You are correct that the ASA does not track NAT objects to direct packets to objects that are "up". You are also correct that it does not load balance or share translations between hosts (at least when the NAT type is "static"). It also does not split the ports into pools and allocate them among objects.

The answer is contained here: https://www.cisco.com/c/en/us/td/docs/security/asa/asa91/configuration/firewall/asa_91_firewall_config/nat_overview.html#13402

For a many-to-few or many-to-one configuration, where you have more real addresses than mapped addresses, you run out of mapped addresses before you run out of real addresses. Only the mappings between the lowest real IP addresses and the mapped pool result in bidirectional initiation. The remaining higher real addresses can initiate traffic, but traffic cannot be initiated to them (returning traffic for a connection is directed to the correct real address because of the unique 5-tuple (source IP, destination IP, source port, destination port, protocol) for the connection).

What happens is that the ASA iterates the "translated" object/object-group until it gathers the correct quantity of hosts to satisfy the untranslated object/object-group. In your case above, the necessary quantity is 1. To the best of my understanding, under no circumstances will traffic be translated to 10.1.1.3 based upon the configuration above, until someone removes 10.1.1.2 from object-group network OG_N_EXAMPLEHOSTS.

Regarding your experiment where you split the NAT into two, I just wanted to add a little clarity. Despite that the ASA gave you an overlap warning, I believe it does accept the command and add it to the config and the NAT table. Manual NATs (or "twice NATs" as sometimes they are called) are processed in top-down, first-match order. So the second statement would never be hit. It is possible to reorder manual NAT rules.

As a closing thought, there is an alternate way to configure this NAT.

object network O_N_EXAMPLE1
 nat (INSIDE,OUTSIDE) static interface service tcp 60002 60001

and if you also attempted the following . . .

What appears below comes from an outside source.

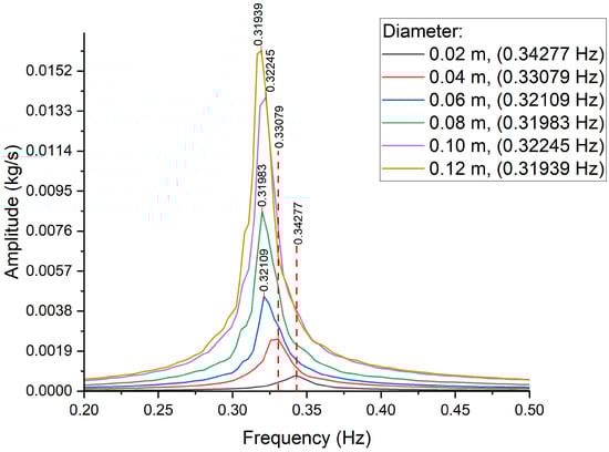 Figure 6 presents the stability map for six systems, illustrating the relationship between equivalent diameter and system stability. The system with an equivalent diameter of 0.02 m demonstrates the largest stable region. As the equivalent diameter increases, the marginal stability boundary (MSB) shifts leftward, indicating a reduction in system stability. However, the leftward shift in the MSB for systems with equivalent diameters ranging from 0.04 m to 0.12 m is minimal. The increase in equivalent diameter influences the mass flow rate, which, in turn, enhances heat transfer and phase change dynamics. Heat transfer is directly proportional to mass flow rate, meaning that an increased flow rate facilitates more efficient heat exchange and phase transitions. This, however, can result in larger thermal gradients, which destabilize the system by causing localized hotspots and uneven temperature distributions. These gradients, particularly in the presence of high heat input, can lead to rapid fluctuations in pressure and temperature within the channel, increasing the likelihood of oscillations and instability. While an increase in equivalent diameter typically reduces the frictional pressure drop, theoretically contributing to a more stable system, the results in Figure 6 suggest otherwise. It seems that the destabilizing impacts stemming from enhanced heat transfer and phase change dynamics surpass the stabilizing effect brought about by the reduced pressure drop. Additionally, Figure 7 displays the Fast Fourier Transform (FFT) analysis performed at the onset of divergent oscillations with a subcooling number of 8.13467. This analysis highlights a reduction in oscillation frequency as the equivalent diameter increases, further supporting the correlation between channel geometry and flow stability.

object network O_N_EXAMPLE2
 nat (INSIDE,OUTSIDE) static interface service tcp 60002 60001

. . . then it would also be added to the Auto NAT table following NAT Rule Order (https://www.cisco.com/c/en/us/td/docs/security/asa/asa91/configuration/firewall/asa_91_firewall_config/nat_overview.html#31590) and it would only be hit in the outbound direction (which will never happen since the server will not likely initiate a connection sourcing from a port where it has a listening daemon).